In this work, we propose a data-driven robust model predictive control (DDRMPC) framework that utilizes stem water potential (SWP) as a basis for effective irrigation control of high value-added crops. By linearizing and discretizing a nonlinear dynamic model of water dynamics, we develop a state-space model that predicts the dynamic state of SWP. In the model, soil, root, and stem are the three compartments to describe current water status of the system. In addition, evapotranspiration and precipitation are the driving force and the water inlet, respectively. A robust optimal control problem is formulated to maintain SWP above a safe level to avoid detrimental effects on crops. To describe the uncertainty within prediction errors of evapotranspiration and precipitation, a data-driven approach is adopted, which achieves a desirable tradeoff between constraint satisfaction and water saving.
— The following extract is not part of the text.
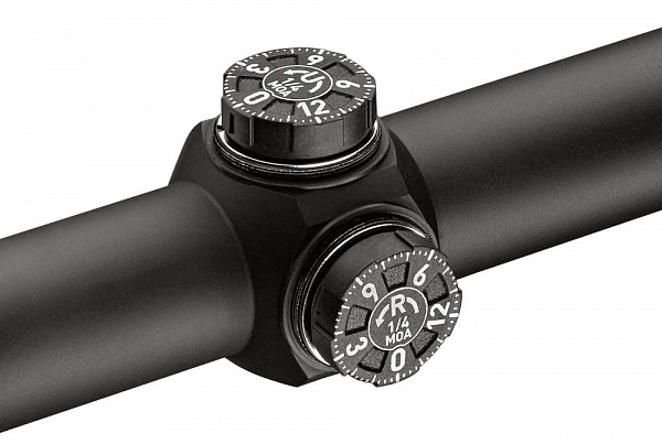 - Регулировка одним пальцем (один щелчок – 1/4 MOA) позволяет быстро и легко устанавливать и сбрасывать настройки в поле.

Meanwhile, it is shown that the proposed DDRMPC ensures both feasibility and stability. A case study based on almond tree is carried out to showcase the effectiveness of the DDRMPC strategy relative to on–off control, certainty equivalent MPC and robust MPC. In particular, the control of tree stem water potential through DDRMPC can reduce the water consumption by 7.9% compared with on–off control while maintaining zero probability of constraint violation.

在这项工作中，我们提出了一个数据驱动的鲁棒模型预测控制（DDRMPC）框架，该框架利用茎水势（SWP）作为有效控制高附加值作物的基础。通过线性化和离散化水动力学的非线性动力学模型，我们开发了一种状态空间模型，该模型可以预测SWP的动态状态。在模型中，土壤，根和茎是描述系统当前水状况的三个部分。此外，蒸散和降水分别是驱动力和进水口。制定了鲁棒的最佳控制问题，以将SWP维持在安全水平以上，以避免对农作物造成不利影响。为了描述蒸散和降水的预测误差内的不确定性，采用了一种数据驱动的方法，在约束满足和节水之间实现了理想的折衷。同时，表明所提出的DDRMPC确保了可行性和稳定性。进行了基于杏仁树的案例研究，以展示DDRMPC策略相对于开-关控制，确定性等效MPC和鲁棒MPC的有效性。特别是，与开-关控制相比，通过DDRMPC控制树茎水势可将水消耗减少7.9％，同时保持零约束违反的可能性。